RUANGPOLITIK.COM – Di suatu sore di akhir Bulan Oktober 2021, sebuah mobil liputan bermerk stasiun televisi swasta memasuki komplek perumahan BSD, Tangerang, Propinsi Banten. Perlahan namun pasti, mobil yang membawa satu tim liputan lengkap itu menuju sebuah rumah yang terletak paling pojok.
Suasana asri dan sejuk terlihat dari bagian luar rumah tersebut, selaras dengan keramahan tuan rumah yang turun menyambut para tamu tersebut.
“Susah cari rumahnya?” sapa wanita berbalut hijab panjang, yang merupakan istri dari Dr. Tb. H. Ace Hasan Syazily, M.Si, orang yang hari ini akan melakukan sesi wawancara khusus dengan tim liputan televisi tersebut.
“Silahkan masuk, Kang Ace sudah menunggu,” lanjutnya sambil menawarkan minuman dan beberapa makanan ringan yang sepertinya sengaja sudah dipersiapkan.
Tidak lama kemudian, Ace Hasan Syadzily yang biasa dipanggil Kang Ace pun keluar, terlihat wajah segar penuh kehangatan terpancar dari laki-laki berusia 45 tahun tersebut, walau kegiatannya sangat padat, baik di DPR RI sebagai Wakil Ketua Komisi VIII, salah satu Ketua DPP di Partai Golkar dan juga sebagai dosen di Universitas Islam Negeri (UIN) Syarif Hidayatullah, Jakarta.
“Kita ngobrol di teras samping aja ya, lebih santai,” sambutnya.
“Saya belum pantas sebenarnya disebut tokoh Mas, karena belum apa-apa, masih perlu banyak belajar. Jadi kita cerita-cerita santai aja ya,” ujarnya dengan nada merendah, sangat tergambar sosok seorang yang tumbuh dan besar di lingkungan pesantren.

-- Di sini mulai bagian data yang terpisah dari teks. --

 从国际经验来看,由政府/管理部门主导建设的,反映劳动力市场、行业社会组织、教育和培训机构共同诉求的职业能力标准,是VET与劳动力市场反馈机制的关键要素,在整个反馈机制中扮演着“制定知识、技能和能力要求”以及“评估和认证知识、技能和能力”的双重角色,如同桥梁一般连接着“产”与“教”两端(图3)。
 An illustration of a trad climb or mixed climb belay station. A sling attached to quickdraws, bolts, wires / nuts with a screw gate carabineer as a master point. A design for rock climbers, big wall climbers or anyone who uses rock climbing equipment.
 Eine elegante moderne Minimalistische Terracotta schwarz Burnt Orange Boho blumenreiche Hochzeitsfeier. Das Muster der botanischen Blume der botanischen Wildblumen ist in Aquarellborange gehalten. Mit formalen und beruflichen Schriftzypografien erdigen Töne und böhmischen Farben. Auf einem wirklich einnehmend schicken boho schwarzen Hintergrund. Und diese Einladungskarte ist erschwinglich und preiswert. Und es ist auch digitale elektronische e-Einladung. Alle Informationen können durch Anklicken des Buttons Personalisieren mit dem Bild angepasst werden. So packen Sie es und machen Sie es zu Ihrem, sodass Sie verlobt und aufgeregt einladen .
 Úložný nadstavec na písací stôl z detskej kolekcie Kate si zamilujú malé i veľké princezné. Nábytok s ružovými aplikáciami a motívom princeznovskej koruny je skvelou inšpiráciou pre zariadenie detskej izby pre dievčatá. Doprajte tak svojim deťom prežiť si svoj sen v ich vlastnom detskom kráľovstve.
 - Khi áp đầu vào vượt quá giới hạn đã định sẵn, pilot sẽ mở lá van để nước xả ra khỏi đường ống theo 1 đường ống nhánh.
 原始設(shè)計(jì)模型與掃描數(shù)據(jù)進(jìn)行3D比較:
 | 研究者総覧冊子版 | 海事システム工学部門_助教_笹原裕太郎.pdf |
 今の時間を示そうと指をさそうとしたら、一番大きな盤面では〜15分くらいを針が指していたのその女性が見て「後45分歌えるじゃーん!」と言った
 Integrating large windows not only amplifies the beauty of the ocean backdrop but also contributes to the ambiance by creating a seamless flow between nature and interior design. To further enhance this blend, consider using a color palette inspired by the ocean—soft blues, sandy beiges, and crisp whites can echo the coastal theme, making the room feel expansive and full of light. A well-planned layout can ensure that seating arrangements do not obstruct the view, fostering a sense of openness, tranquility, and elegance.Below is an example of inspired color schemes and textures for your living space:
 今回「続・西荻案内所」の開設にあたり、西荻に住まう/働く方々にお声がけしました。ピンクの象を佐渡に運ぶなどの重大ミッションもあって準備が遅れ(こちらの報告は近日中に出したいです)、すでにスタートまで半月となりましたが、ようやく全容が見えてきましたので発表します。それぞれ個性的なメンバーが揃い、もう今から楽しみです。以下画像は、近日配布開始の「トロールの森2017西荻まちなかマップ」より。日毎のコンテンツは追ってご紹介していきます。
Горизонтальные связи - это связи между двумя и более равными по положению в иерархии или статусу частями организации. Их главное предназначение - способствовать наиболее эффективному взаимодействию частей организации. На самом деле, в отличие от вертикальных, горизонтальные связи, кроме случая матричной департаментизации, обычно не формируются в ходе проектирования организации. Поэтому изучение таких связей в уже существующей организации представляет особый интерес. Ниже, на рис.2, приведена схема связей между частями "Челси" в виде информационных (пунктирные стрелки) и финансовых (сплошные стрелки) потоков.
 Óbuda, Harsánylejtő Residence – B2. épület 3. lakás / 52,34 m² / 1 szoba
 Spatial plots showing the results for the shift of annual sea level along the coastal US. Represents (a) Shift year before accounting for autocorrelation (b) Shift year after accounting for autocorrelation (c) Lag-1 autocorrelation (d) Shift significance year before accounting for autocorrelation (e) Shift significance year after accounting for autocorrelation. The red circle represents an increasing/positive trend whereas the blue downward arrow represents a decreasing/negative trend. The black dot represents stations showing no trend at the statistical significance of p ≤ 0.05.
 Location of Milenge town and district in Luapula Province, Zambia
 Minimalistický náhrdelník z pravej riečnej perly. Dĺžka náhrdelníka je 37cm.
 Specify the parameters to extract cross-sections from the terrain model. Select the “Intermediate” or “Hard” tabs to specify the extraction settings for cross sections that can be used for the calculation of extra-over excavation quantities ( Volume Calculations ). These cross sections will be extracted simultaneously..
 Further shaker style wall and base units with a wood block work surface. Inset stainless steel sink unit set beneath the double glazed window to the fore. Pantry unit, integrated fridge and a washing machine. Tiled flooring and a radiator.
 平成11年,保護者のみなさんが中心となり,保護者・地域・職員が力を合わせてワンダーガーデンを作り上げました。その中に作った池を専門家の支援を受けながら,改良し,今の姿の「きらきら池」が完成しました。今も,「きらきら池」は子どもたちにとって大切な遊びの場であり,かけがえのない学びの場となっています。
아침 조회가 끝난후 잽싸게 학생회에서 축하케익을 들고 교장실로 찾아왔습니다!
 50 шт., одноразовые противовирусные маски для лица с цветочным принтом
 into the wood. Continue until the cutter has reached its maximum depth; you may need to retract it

“Yang pasti cita-cita pertama tentu jadi ustadz, jadi kyai. Karena saya tumbuh di lingkungan pesantren. Ayah dan Ibu juga pengasuh pesantren, makanya saya itu bersekolah selalu di lingkungan pesantren. Belajar agama, fiqih, mengaji dan banyak lagi. Yang pasti selalu sarungan, Mas, itu masih terbawa sampai sekarang. Rasanya kalau tidur tidak pakai sarung, serasa ada yang kurang,” ceritanya sambil tertawa kecil, ketika ditanyakan soal cita-cita waktu kecil.

Awal ketertarikan kepada dunia politik, menurut Ace sejak dirinya berkuliah di UIN Syarif Hidayatullah, jurusan Bahasa dan Sastra Arab, dimana pada masa-masa itu terjadi perubahan politik yang besar di Indonesia, yaitu runtuhnya Orde Baru yang telah berkuasa selama 32 tahun.
“Saya pada masa itu terlibat aktif dalam berbagai gerakan mahasiswa dalam menuntut reformasi, diskusi-diskusi dan demo-demo. Sampai akhirnya saya terpilih jadi Presiden BEM di universitas,” tuturnya.
“Sejak saat itu juga, saya banyak membaca buku-buku tentang politik, pergerakan dan yang berbau-bau itu. Sekaligus saya juga bergaul dan menimba ilmu dengan para tokoh-tokoh politik, termasuk dengan Bapak Ginanjar Kartasasmita. Beliau itulah mentor dan guru politik saya,” sambung Ketua Dewan Pengurus Golkar Institute tersebut.